The procedure for forming reserve capital

Reserve capital is formed from the retained earnings of the enterprise. Deductions to reserve capital from profits are reflected in account 82 “Reserve capital” in correspondence with account 84 “Retained earnings (uncovered loss)”.

The size of the reserve capital of the enterprise provided for is 5% of the authorized capital. The amount of annual contributions is 5% of net profit. At the time of the council meeting (03/12/2014), the authorized capital was 20 million rubles, reserve capital - 834,890 rubles; the company's net profit for 2013 was RUB 4,862,120.

According to the charter, reserve capital should be 1 million rubles.

(RUB 20 million × 5%). Using the net profit of 2013, the company can create reserve capital in the amount of 243,106 rubles. (RUB 4,862,120 × 5%). Before reaching the amount provided for by the charter, it is necessary to accrue additional reserve capital in the amount of 165,110 rubles. (1,000,000 - 834,890). The Board of Directors decided to allocate RUB 165,110 to create reserve capital. net profit for 2013.

The following entries were made in accounting:

In order to increase, shareholders (participants) of an enterprise can contribute property, property rights or non-property rights by forming funds (clause 3.4, clause 1, article 251 of the Tax Code of the Russian Federation). If the option of replenishing reserve capital is chosen for these purposes, then the operation is reflected in the debit of account 75 “Settlements with founders” and the credit of account 82 “Reserve capital”.

The shareholders of the CJSC decided to contribute 5 million rubles in order to increase the company's net assets. to the reserve capital of the company (minutes of the meeting dated 02/21/2014). Contributions were made by shareholders from 03/03/2014 to 03/06/2014.

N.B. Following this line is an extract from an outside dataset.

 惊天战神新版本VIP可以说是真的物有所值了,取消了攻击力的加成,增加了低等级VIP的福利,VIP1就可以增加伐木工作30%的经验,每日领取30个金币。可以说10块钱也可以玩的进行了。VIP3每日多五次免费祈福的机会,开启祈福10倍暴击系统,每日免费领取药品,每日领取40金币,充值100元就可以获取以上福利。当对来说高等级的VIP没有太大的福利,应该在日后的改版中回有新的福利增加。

The following entries will be reflected in the accounting records:

* For account 75 “Settlements with founders”, subaccounts other than those provided for in the Instructions for using the Chart of Accounts can be opened, for example 75-3 “Other with founders”.

General procedure for using reserve capital

As noted earlier, the reserve capital of a joint-stock company has a strictly designated purpose. In accordance with the Instructions for using the Chart of Accounts, the use of reserve capital funds is accounted for by the debit of account 82 “Reserve capital” in correspondence with accounts 84 “Retained earnings (uncovered loss)” (in terms of the amounts of the reserve fund allocated to cover the loss of the enterprise for the reporting year) and 66 “Settlements for short-term loans and borrowings” or 67 “Settlements for long-term loans and borrowings” (in terms of amounts used to repay JSC bonds).

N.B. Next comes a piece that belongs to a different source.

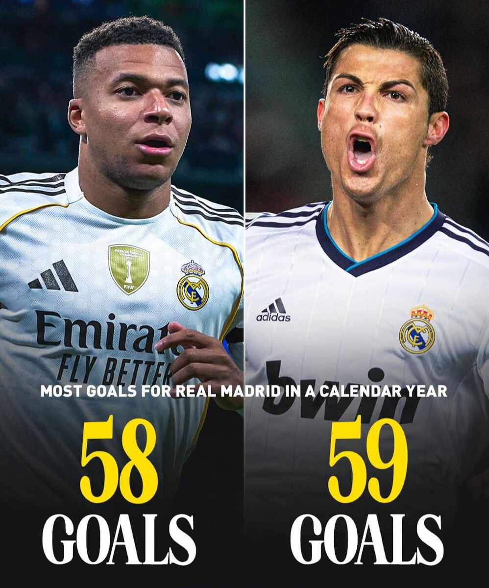🇪🇸 У Килиана Мбаппе осталась одна игра, чтобы побить рекорд Криштиану Роналду по количеству голов за календарный год (2012 и 2013) в

Using reserve capital to cover losses

According to paragraphs. 12 clause 1 art. 65 of the Law on JSC, the use of reserve capital falls within the competence of the board of directors (supervisory board) of the JSC. With the preliminary approval of the annual report of the joint-stock company by the board of directors (supervisory board), a decision may be made to repay the loss from reserve capital. For accounting purposes, the use of reserve capital to pay off losses is classified as an event after the reporting date (PBU 7/98 “Events after the reporting date”).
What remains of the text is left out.